IT crapshoot: cost-cutting is costly in disaster recovery, archiving for e-discovery

Disaster recovery and archiving are key zones of interaction for IT and Legal Departments. When a lawsuit is filed and an e-discovery production request is received, a company must examine all of its electronically stored information to find documents that are relevant to that lawsuit. Court battles may arise regarding the comprehensiveness of the examination, the need to lock down potentially important documents and metadata, and the cost of identifying, collecting, preserving, and reviewing documents — all of which are related to the way in which data is stored.

Photo credit: Josie Hill

Photo credit: Josie Hill

With this in mind, I recently sought out Jishnu Mitra, President of Stratogent, a specialized application hosting and disaster recovery services provider, to obtain his perspective on disaster recovery best practices and the relationship between disaster recovery and e-discovery. Key points he made include:

  • effective disaster recovery sites are “hot” sites that can be used for secondary purposes rather than remaining idle;
  • “cold” sites are unlikely to get the job done and are not cheap;
  • efforts to keep IT budgets down by delaying or limiting disaster recovery, or by limiting archiving, can backfire;
  • budget-conscious IT departments are more likely to use archiving features built-in to their software of choice;
  • many IT and Legal personnel have a habit of being disrespectful towards one another and doing a poor job of communicating with one another;
  • more crossover Legal-IT people are needed.
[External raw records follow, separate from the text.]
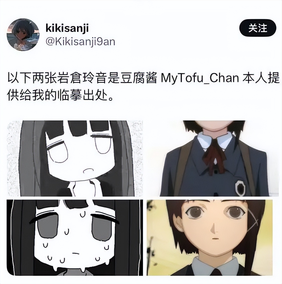 在kikisanji的描述中,上述的两张原图是她的朋友“豆腐酱”送给自己的见面礼,而14酱的原型则参考了1998年科幻动画《玲音》的女主”岩倉玲音”。
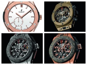 il nuovo Hublot CLassic Fusion Ultra-Thin, il Magic Gold e, sotto, le due versioni del Big Bang Ferrari Carbon con lunetta incrostata d’oro o titanio e movimento Unicum All Black
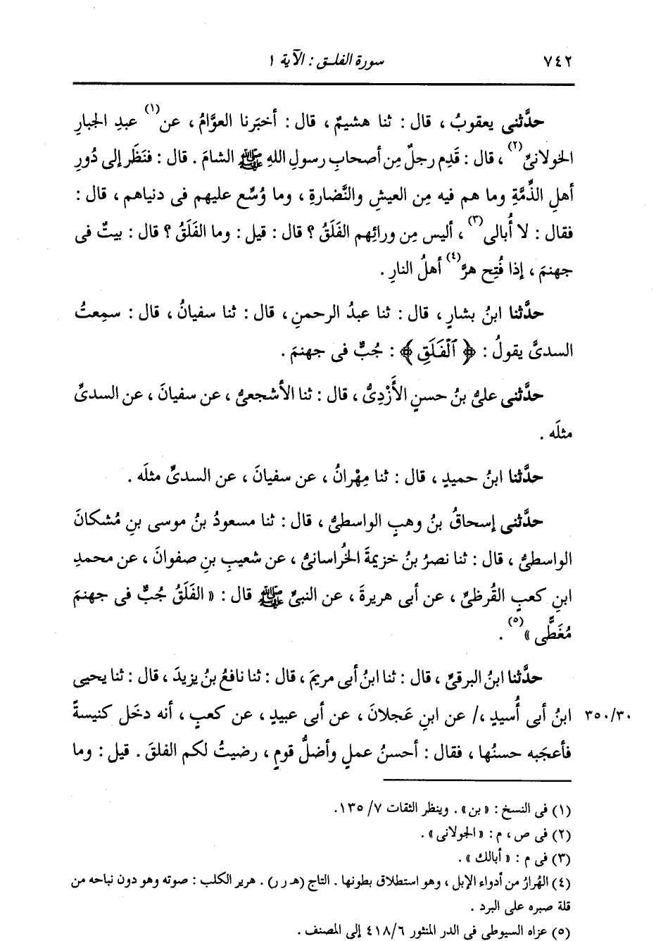 حَدَّثَنَا ابْنُ بَشَّارٍ، قَالَ: ثنا عَبْدُ الرَّحْمَنِ، قَالَ: ثنا سُفْيَانُ، قَالَ: سَمِعْتُ السُّدِّيَّ، يَقُولُ: {§الْفَلَقُ} [الفلق: 1] : «جُبٌّ فِي جَهَنَّمَ» حَدَّثَنِي عَلِيُّ بْنُ حَسَنٍ الْأَزْدِيُّ، قَالَ: ثنا الْأَشْجَعِيُّ، عَنْ سُفْيَانَ، عَنِ السُّدِّيِّ، مِثْلَهُ. حَدَّثَنَا ابْنُ حُمَيْدٍ، قَالَ: ثنا مِهْرَانُ، عَنْ سُفْيَانَ، عَنِ السُّدِّيِّ، مِثْلَهُ
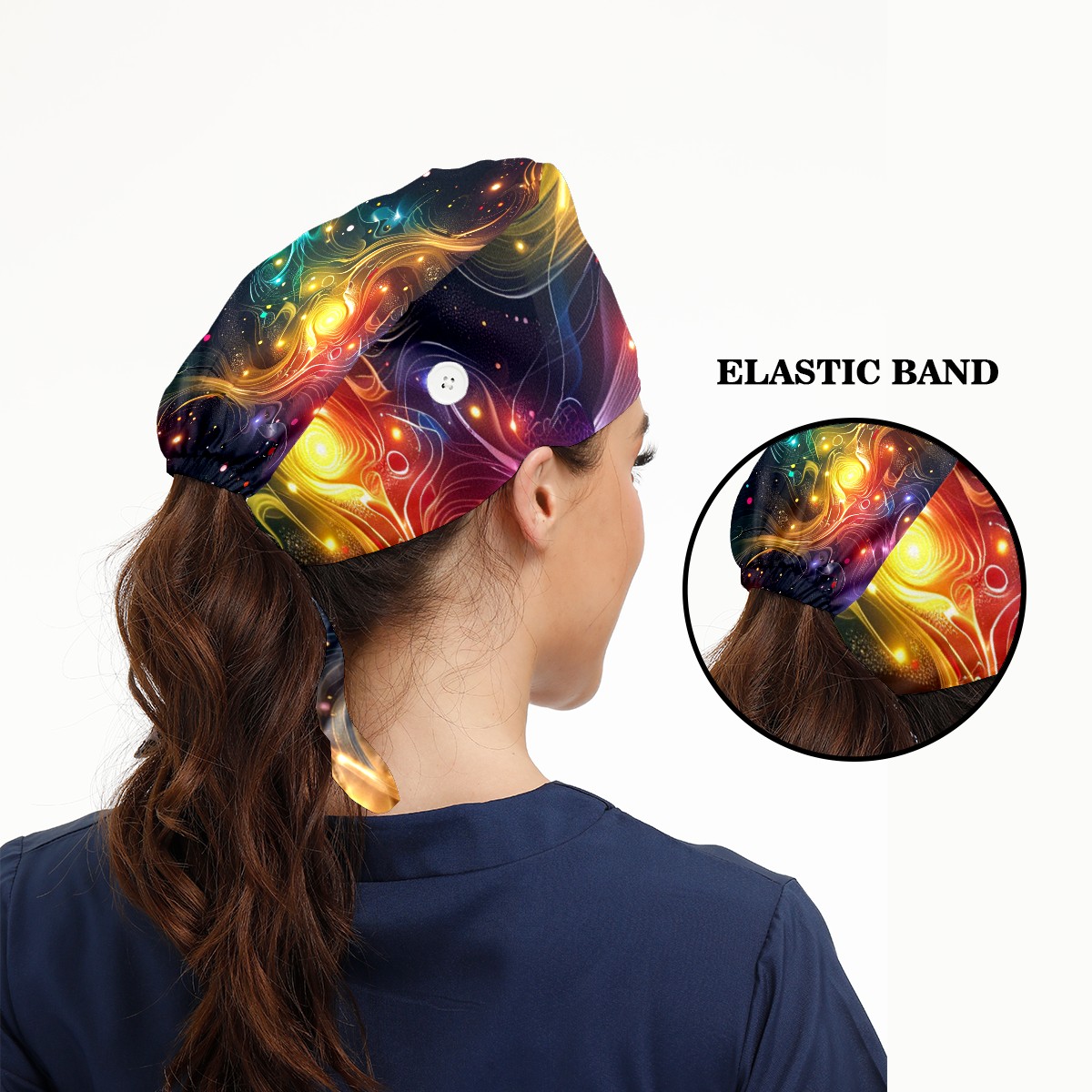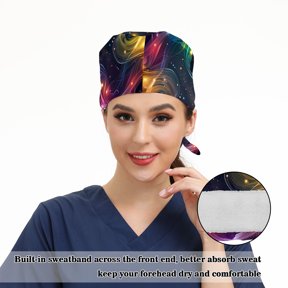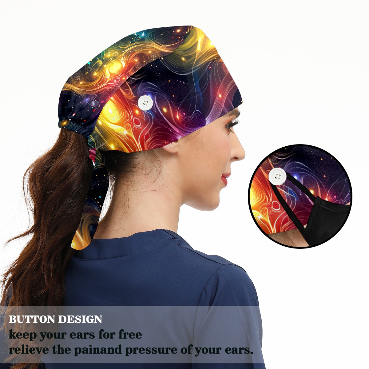 Working Caps with Button & Sweatband Satin Lined Cotton Adjustable Nurse Hats Elastic Band Scrub Cap Surgeon Hat Starry Sky Universe (69)
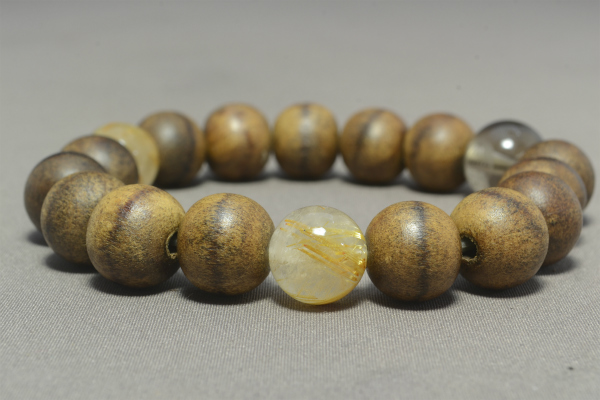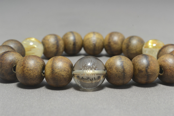 | 商品説明 | 沈香 約 11.5mm 15粒 ゴールドルチル 約 11mm 2粒 茶水晶 約 12.5mm 1粒 内周 約 16.2cm |

Bruce: Can you provide a little background about Stratogent’s domain expertise?

Jishnu: We offer end-to-end application hosting services, including establishing the hosting requirements and architecture, hardware and software implementation, and proactive day-to-day application management including responding to any issues that arise. Most of the time we are tasked with building a full data center, not the building itself, of course, but a complete software and hardware hosting framework. We aren’t providers of any specific business application (like salesforce.com does). We design, deploy and operate all the layers on which modern business applications are hosted including the application’s framework e.g. .NET, Java or SAP Basis.
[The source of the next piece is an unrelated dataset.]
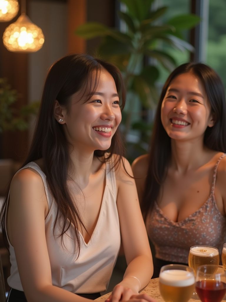 relaxed feminine model laughing with a small group of friends at a laid-back gathering
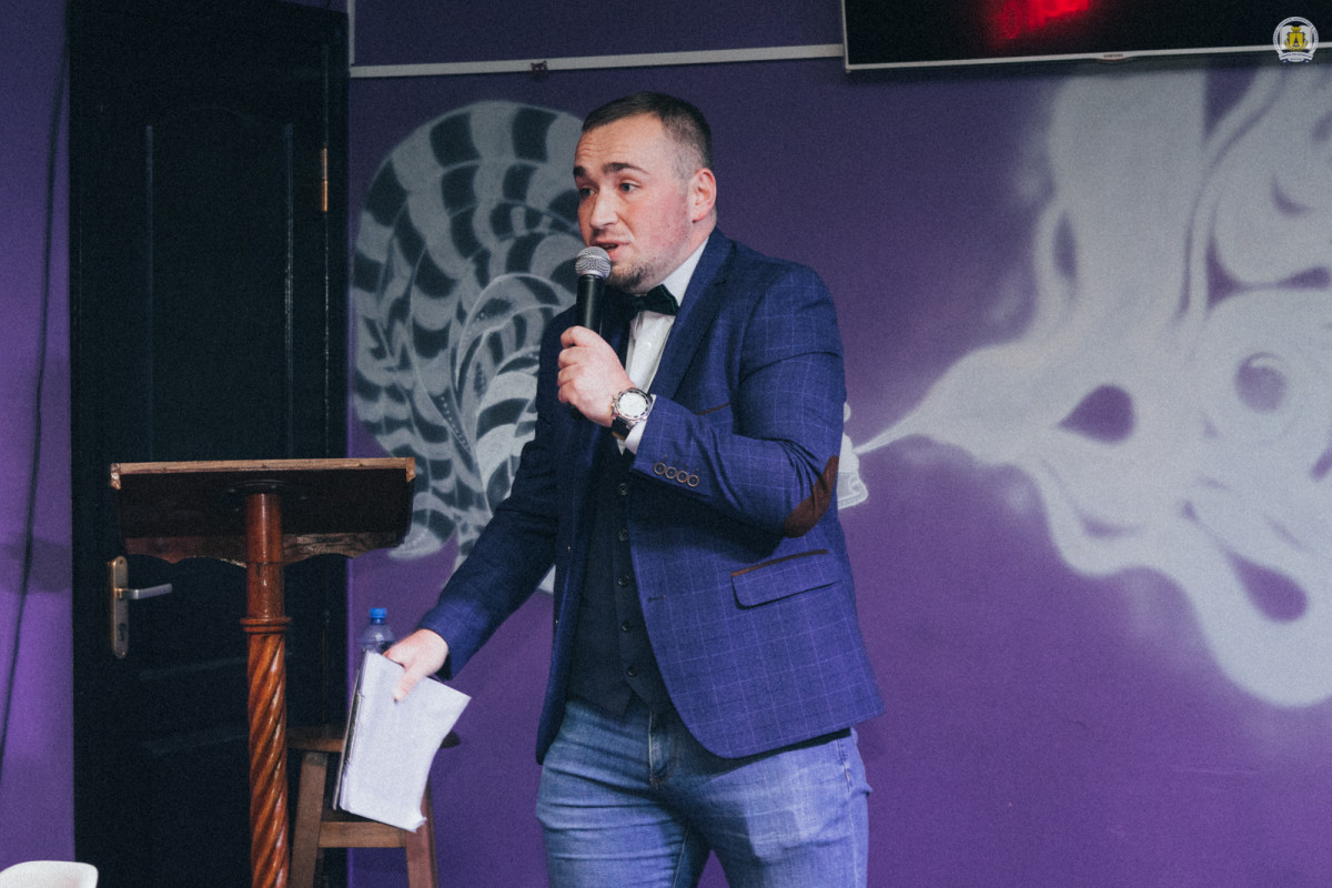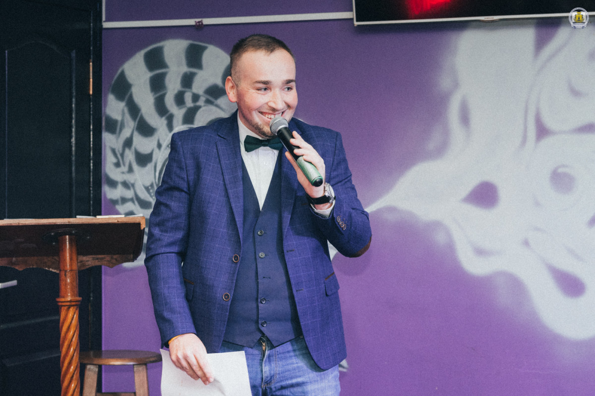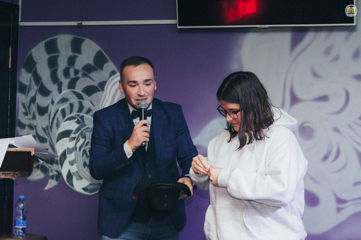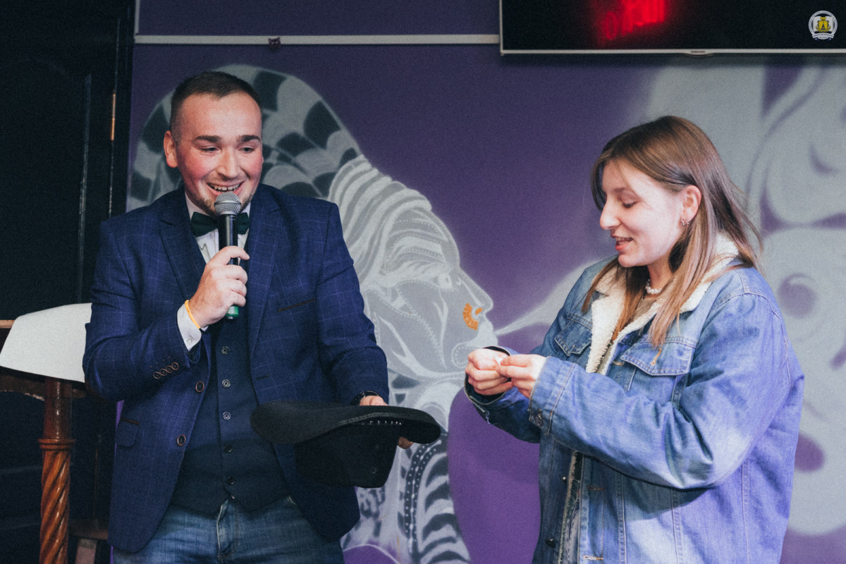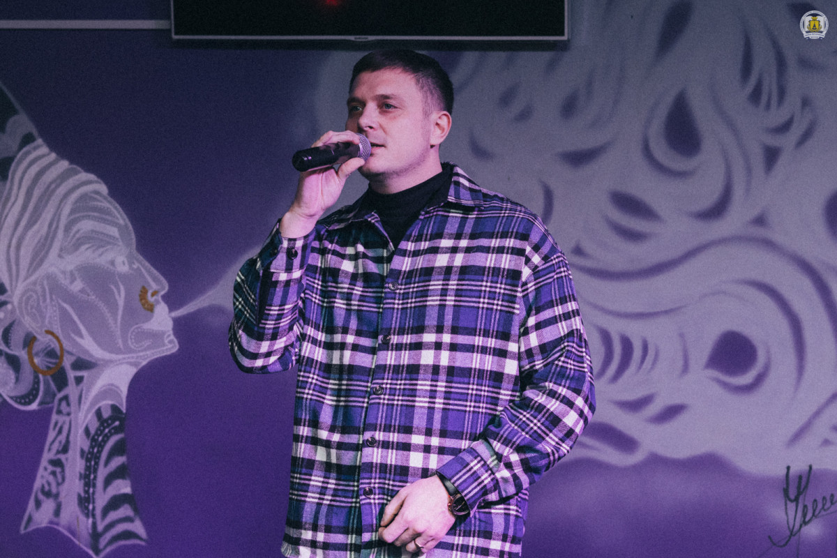 Поки організатори готувалися до церемонії нагородження, ведучий розповів про те, що у цей вечір організатори мали намір зібрати на одному майданчику не лише топ-інтелектуалів УГСП, а й зірок переяславського шоу-бізнесу – тих, хто пише і випускає на стрімінгові платформи власні пісні, знімає кліпи на них. На прикрість, левовій частці з запрошених, зважаючи на поважні причини і обставини, «засяяти» на «Брейн-Рингу» не вдалося – їх неодмінно запросять на майбутні заходи. Але один з тих, хто, свого часу, у студентські роки, «сяяв» на сковородинівській сцені, а нині повернувся до альма-матер не лише як методист Навчально-наукового центру забезпечення якості освіти університету, а й новоявлена зірка для вже нового покоління сковородинівців таки знайшов час завітати – мова про Бориса Любченка, який у цей вечір подарував присутнім свій авторський суперхіт «Солодкий мед». Ми помітили, що протягом сьогоднішнього дня її прослуховування на всіх майданчиках дещо зросли – після такого вибухового виступу інакше і не могло бути.

Our customers include multi-office companies, who require applications shared between offices, and web-based application SaaS (“software as a service”) companies. The scope is typically quite complex – we don’t build or manage general web sites or blogs — that’s a commodity market and too crowded. We build and manage custom application infrastructures for enterprises or for complex applications that require a range of IT skills to manage. Our customers hire us because they don’t want to budget to hire all of the people they would need to do this internally, or when they are deploying a new application that is beyond the current reach of their IT team. For example, if a company wants to start using a new-to-them ERP [“Enterprise Resource Planning”] application like SAP or (say) a Microsoft based enterprise landscape that needs to scale, we can multiplex our internal pool of talent to give their application 24-7 attention far cheaper than the company can hire and retain the specialized employees they need to do it themselves.

Bruce: So you supply the specialized competencies needed to build and operate complex application environments so that your customers can focus on their core competencies? Then their core competencies don’t need to include what you do in order for them to succeed.
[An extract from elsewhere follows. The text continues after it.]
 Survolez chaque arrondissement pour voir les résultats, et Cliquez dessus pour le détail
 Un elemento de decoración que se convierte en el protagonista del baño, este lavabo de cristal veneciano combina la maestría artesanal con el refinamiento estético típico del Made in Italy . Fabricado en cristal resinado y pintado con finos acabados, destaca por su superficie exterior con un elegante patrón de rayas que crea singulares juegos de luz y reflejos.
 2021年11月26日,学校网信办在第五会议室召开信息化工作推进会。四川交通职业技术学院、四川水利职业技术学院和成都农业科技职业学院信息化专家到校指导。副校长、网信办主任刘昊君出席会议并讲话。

Jishnu: Yes. They know what they want, they conceptualize what they want, but not the hardware they need and the infrastructure software. We can go in from the very beginning saying, “Here’s how you set up a highly available, clustered server farm for your social networking app,” and so on and so forth. We know how to customize it and set it up. They also don’t have our expertise in negotiating with hardware vendors, or in capacity planning, etc. Plus there’s the build phase, loading OSes, etc. We essentially give them over the course of our engagement the entire hosting framework on which the app runs and then take care of it for the long run.

Once we get their hosting framework to a steady state, they get to run with it for two, five or longer number of years with no or limited failure. So their role is conceptualizing on day 1 and then we become a partner organization worrying about how to realize that dream, handling inevitable IT break-fix issues and managing changes over the entire life span of that system. Disaster recovery usually becomes part of that framework at some point.

Bruce: Can you give me some broad idea of the scope of disaster recovery work that you do?

Jishnu: Disaster recovery is not a separate arm of our business. It’s very integral to the hosting services we provide. We build disaster recovery sites at different levels of complexity. It can go from a small customer up to a really large customer. And over time Stratogent gets into innovative approaches to deal with disaster recovery. The philosophy of Stratogent is that we’re not trying to sell a boxed solution to all the customers. It’s more of a custom solution, not a mass market product. We say we will architect and host your solution – and as architect we always add very specific elements for our customer, not just one solution for everyone.

The basic approach, even for small customers, is to choose a convenient and correct location for the disaster recovery site and use a replication strategy based on whatever they can afford or have tolerance to accept. As much as possible a disaster recovery site should be up and running and ready to go at a flip of the switch. They can use the excess capacity at their disaster recovery site at quarter end to run financial reports or for other business purposes, plus it can be used for application QA and staging systems. They can be smart about it, and keep it on, so that they can have confidence in it.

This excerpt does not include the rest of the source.